I think most of us agree that the world could be a better place. Of course, it would be a formidable challenge to find any two people on this planet who agree completely on how making the world a better place should be done, and whose responsibility it is to work on that.
Whatever your values, we believe that it is an important spiritual, emotional, and even financial practice to give. Recently, I've heard some wonderful ideas for encouraging family participation in giving: adopting a work project as a part of each child's birthday celebration, encouraging (or mandating!) friends to participate in work projects, or requiring that nieces/nephews/grandchildren "earn" holiday and birthday gifts through logging volunteer hours. For those unaccustomed to volunteerism as a part of family life, these practices might seem cruel or backwards. Let me suggest, however, that encouraging these acts in children and teenagers is in fact giving them the gifts of perspective, empathy, kindness, and a work ethic that may not be earned in a paying job. In addition to logging volunteer hours, we know families who encourage donations or tithing from a child's allowance income. We feel that this empowers a child to feel like an active participant in his or her community.

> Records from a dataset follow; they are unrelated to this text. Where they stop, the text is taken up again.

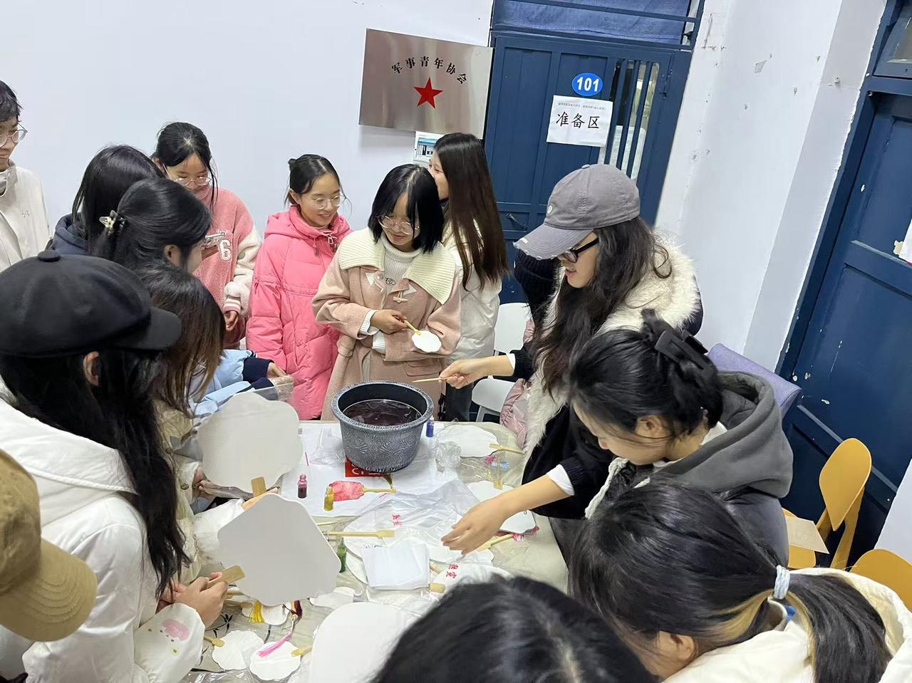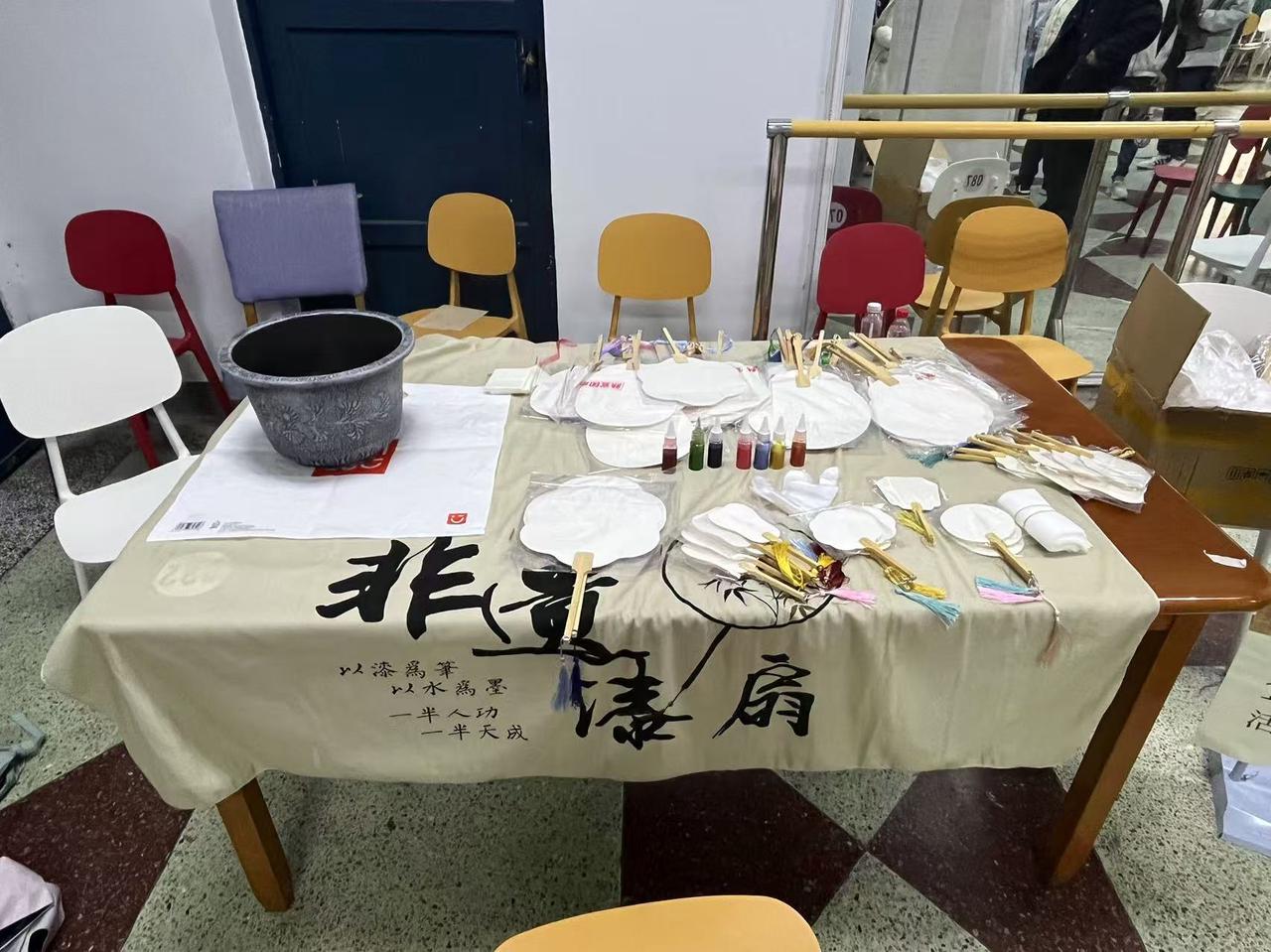 此次活動以漆扇為載體,旨在引導同學們通過親手繪制漆扇,感受傳統文化的魅力,同時緩解初入大學時的迷茫與壓力。活動現場,藝術工作坊的準備工作細致入微,各色染料與多種尺寸的白漆扇整齊排列,為新生們提供了一個展示自我、發揮創意的平臺。除了繪制漆扇外,現場還設置了便利貼寄希望環節,讓同學們在便利貼上寫下對未來的期盼和愿景。一張張便利貼反映著同學們積極向上、勇往直前的精神風貌。
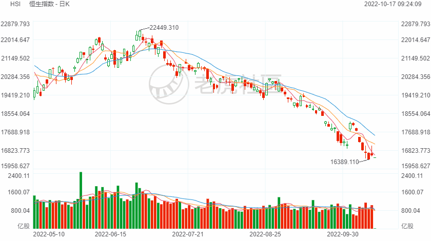 10月17日讯,上周五美股全线收跌纳指跌逾3%,中概股更是连跌5周。港股今日大幅低开,恒指跌0.65%,国指跌0.56%,恒生科技指数跌1.47%。盘面上,大型科技股下跌明显,百度跌超5%,京东跌近4%,美团、腾讯、阿里巴巴、快手皆下跌;汽车股继续下挫,造车新势力领衔走低,小鹏汽车跌7.45%;体育用品股、濠赌股、内险股、内房股与物管股纷纷下跌,上周五大涨的生物科技股部分回调。另一方面,家电股、建材水泥股、燃气股走强,零售股、石油股多数上涨。
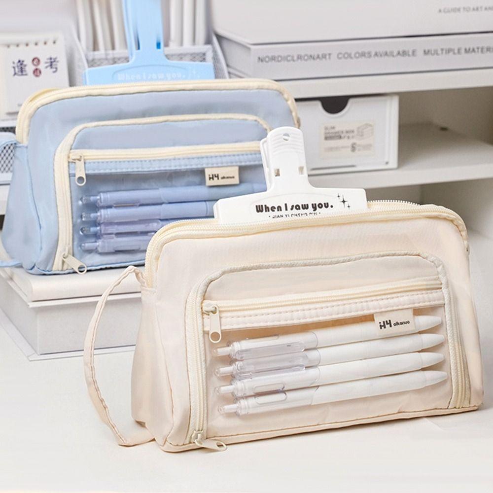 School Supplies Canvas Zipper Large Capacity Stationery Holder Box Pencil Pouch Pen Case Pen Bag
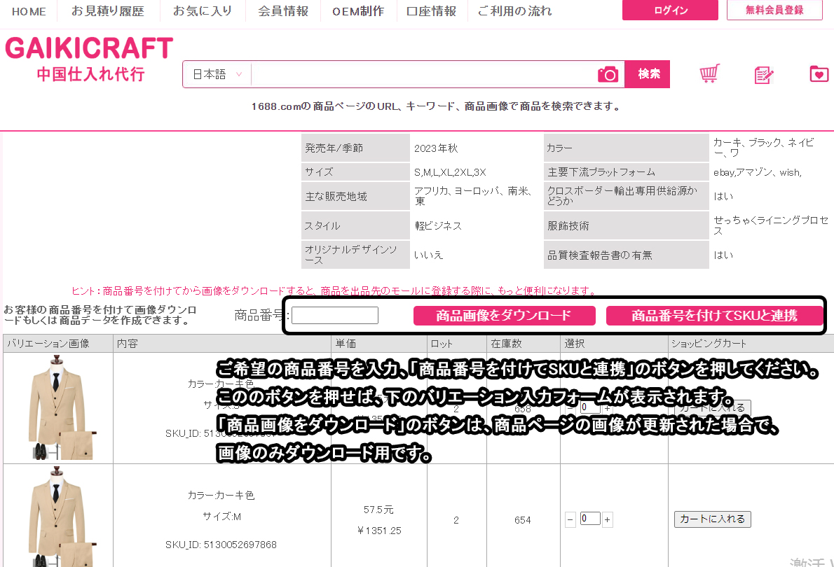 688.comの商品ページのURLで検索した場合はそのままgaikicraft商品ページに行きます。
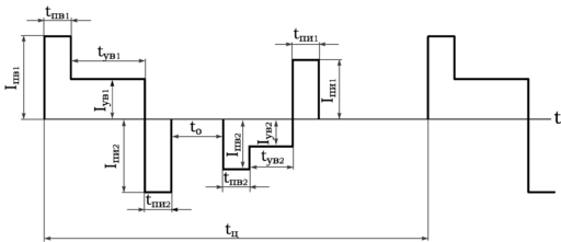0 – время паузы в нагрузке; индексы 1 относятся к комплекту «Вперед», а 2 – к комплекту «Назад» двухкомплектного преобразователя.

So, how does one choose a charity or other worthwhile cause for contributing one's time and energy? Allow us to suggest these guidelines:
- Start locally. If you know of an organization that is active in your local community, school, or house of worship, start asking questions about what exactly the group does, and how you might contribute.
- Take some time to evaluate what concerns you most. Just as there is no shortage of problems in the world, there is also no shortage of organizations that need money and volunteer hours to help alleviate those problems. If world hunger and poverty concern you, check out http://www.heifer.org/. If you have a friend or family member living with cancer, diabetes, or Alzheimer's Disease, there are organizations that are raising research money to prevent and cure these diseases.
- Check out Charity Navigator and The American Institute of Philanthrophy. These websites offer search tools and ratings to investigate, among other criteria, the percentage of the charity's budget is used for operating expenses. You may wish to investigate whether a charity is linked to any particular political or ideological group. You will likely not find an organization that meshes with your values completely, but you may find your own personal red flags as you do your research.
- Don't feel limited by your current financial situation. You may be surprised at the ways you can contribute in a meaningful way as a volunteer, using your time and your unique skills.
- Learn how to vote with your wallet. There are brands and companies that donate a significant amount of their profits to charity. You may wish to shop for bananas, coffee, and chocolate that are traded fairly.
- Beware of telemarketing charity solicitations. While many of these solicitations are legitimate, the safest bet is to ask the organization to send you printed material in the mail so that you can review their practices. If the telemarketer refuses to mail materials to you, proceed with caution.